=== YOUR ASSIGNMENT ===
In your copy of the data, keep every word exact and include no pictures.

=== SUPPLIED MATERIAL ===

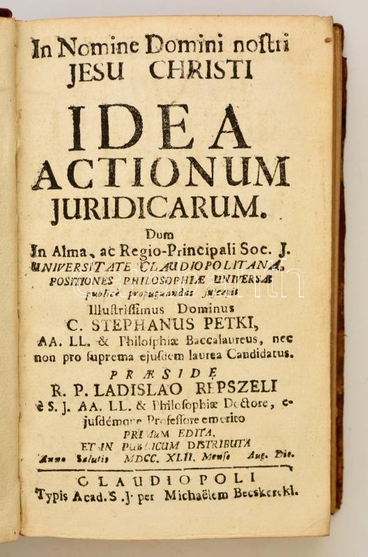 Répszeli László: Idea actionum juridicarum Dum in ... soc. J. universitate Claudipolitana, positiones philosophiae universae publice propugnandas s uscepit C. Stephanus Petki, ... praeside R. P. Ladislao Répszeli .... Claudiopoli, 1742. in acad. s. J. per Mich. Becskereki. M. 336p + XIV. Korabeli kopott aranyozású egészbőr kötésben. Ritka jogi munka! / In leather binding.
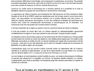 Samedi 31 janvier à 14 h à Saint-Gaudens / Manifestation pour le maintien des emplois et contre la fermeture de la Cellulose à Saint-Gaudens
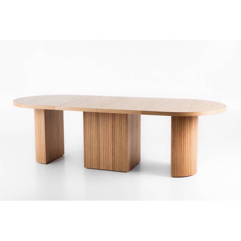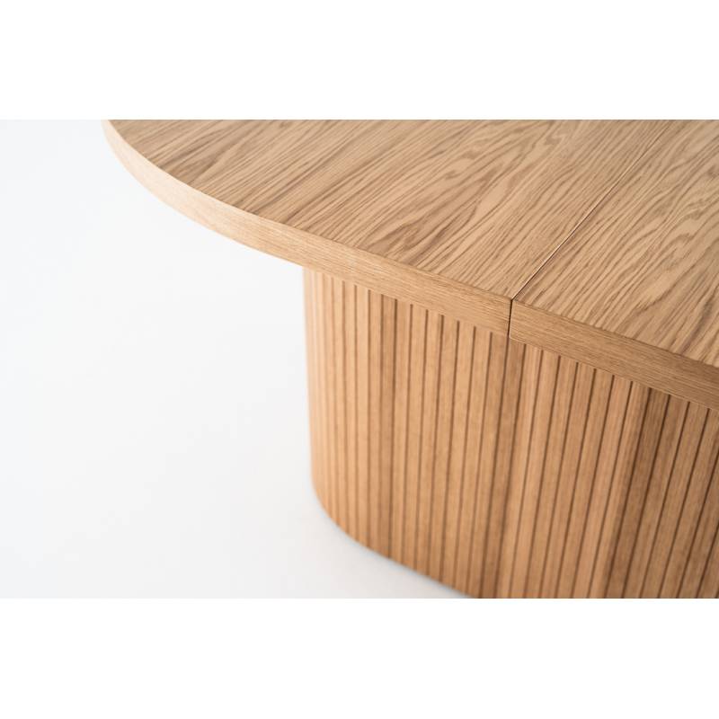 Elegantiškas ovalus ąžuolo faneruotės valgomojo stalas, išsiskleidžiantis nuo 160 iki 260 cm. Modernus dizainas, stilizuota centrinė koja.

=== ANSWER ===
 Répszeli László: Idea actionum juridicarum Dum in ... soc. J. universitate Claudipolitana, positiones philosophiae universae publice propugnandas s uscepit C. Stephanus Petki, ... praeside R. P. Ladislao Répszeli .... Claudiopoli, 1742. in acad. s. J. per Mich. Becskereki. M. 336p + XIV. Korabeli kopott aranyozású egészbőr kötésben. Ritka jogi munka! / In leather binding.
 Samedi 31 janvier à 14 h à Saint-Gaudens / Manifestation pour le maintien des emplois et contre la fermeture de la Cellulose à Saint-Gaudens
 Elegantiškas ovalus ąžuolo faneruotės valgomojo stalas, išsiskleidžiantis nuo 160 iki 260 cm. Modernus dizainas, stilizuota centrinė koja.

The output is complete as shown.